** PROBLEM **
From the records below, output exactly the lines starting at the line with "Pastel tonlarda, yumuşak" and ending at the line with "但非常有意思的一点是,无论是", both of them included, but no pictures.

DATA SUPPLIED below:

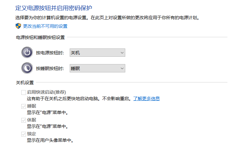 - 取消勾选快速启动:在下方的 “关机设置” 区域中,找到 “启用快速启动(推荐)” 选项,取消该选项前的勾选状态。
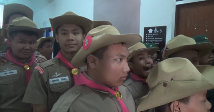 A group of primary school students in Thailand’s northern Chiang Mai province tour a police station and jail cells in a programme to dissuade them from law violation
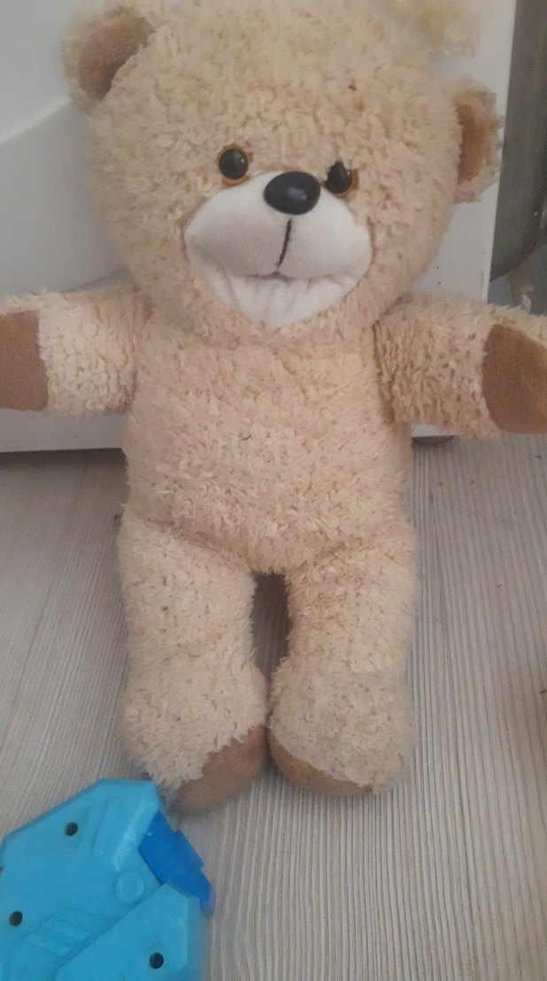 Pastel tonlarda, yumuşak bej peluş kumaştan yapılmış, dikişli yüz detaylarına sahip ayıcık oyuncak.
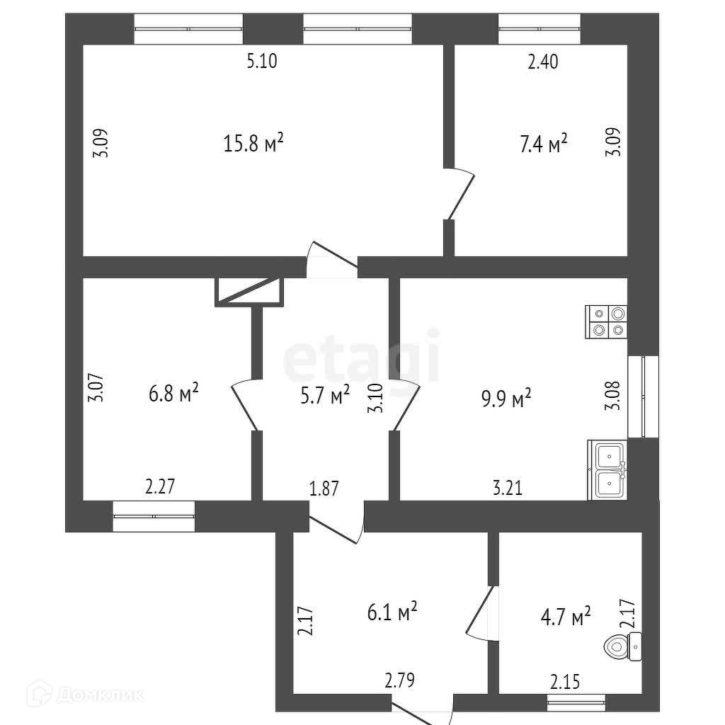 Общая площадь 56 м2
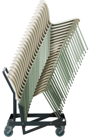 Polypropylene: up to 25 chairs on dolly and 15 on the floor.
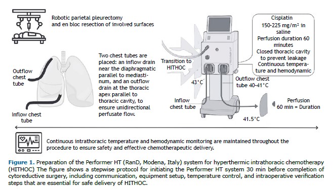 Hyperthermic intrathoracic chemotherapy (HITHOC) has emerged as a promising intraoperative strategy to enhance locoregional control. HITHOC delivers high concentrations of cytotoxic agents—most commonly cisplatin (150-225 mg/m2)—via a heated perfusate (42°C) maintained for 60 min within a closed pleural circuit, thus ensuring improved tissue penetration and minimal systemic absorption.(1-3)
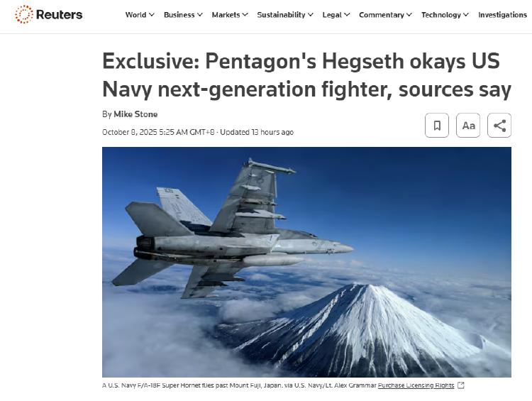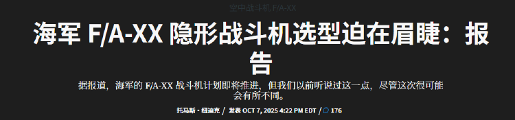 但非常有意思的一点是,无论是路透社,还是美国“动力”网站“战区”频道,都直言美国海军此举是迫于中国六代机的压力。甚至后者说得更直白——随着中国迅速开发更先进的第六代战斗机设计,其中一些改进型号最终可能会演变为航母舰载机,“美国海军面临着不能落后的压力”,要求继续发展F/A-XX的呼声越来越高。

End of DATA SUPPLIED.
DATA SUPPLIED below:

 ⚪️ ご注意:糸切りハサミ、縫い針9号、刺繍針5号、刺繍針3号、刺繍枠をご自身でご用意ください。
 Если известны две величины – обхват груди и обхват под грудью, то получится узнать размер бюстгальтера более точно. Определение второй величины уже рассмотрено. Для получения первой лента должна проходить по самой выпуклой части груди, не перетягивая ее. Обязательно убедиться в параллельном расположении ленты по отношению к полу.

End of DATA SUPPLIED.

** ANSWER TO THIS TASK **
 Pastel tonlarda, yumuşak bej peluş kumaştan yapılmış, dikişli yüz detaylarına sahip ayıcık oyuncak.
 Общая площадь 56 м2
 Polypropylene: up to 25 chairs on dolly and 15 on the floor.
 Hyperthermic intrathoracic chemotherapy (HITHOC) has emerged as a promising intraoperative strategy to enhance locoregional control. HITHOC delivers high concentrations of cytotoxic agents—most commonly cisplatin (150-225 mg/m2)—via a heated perfusate (42°C) maintained for 60 min within a closed pleural circuit, thus ensuring improved tissue penetration and minimal systemic absorption.(1-3)
 但非常有意思的一点是,无论是路透社,还是美国“动力”网站“战区”频道,都直言美国海军此举是迫于中国六代机的压力。甚至后者说得更直白——随着中国迅速开发更先进的第六代战斗机设计,其中一些改进型号最终可能会演变为航母舰载机,“美国海军面临着不能落后的压力”,要求继续发展F/A-XX的呼声越来越高。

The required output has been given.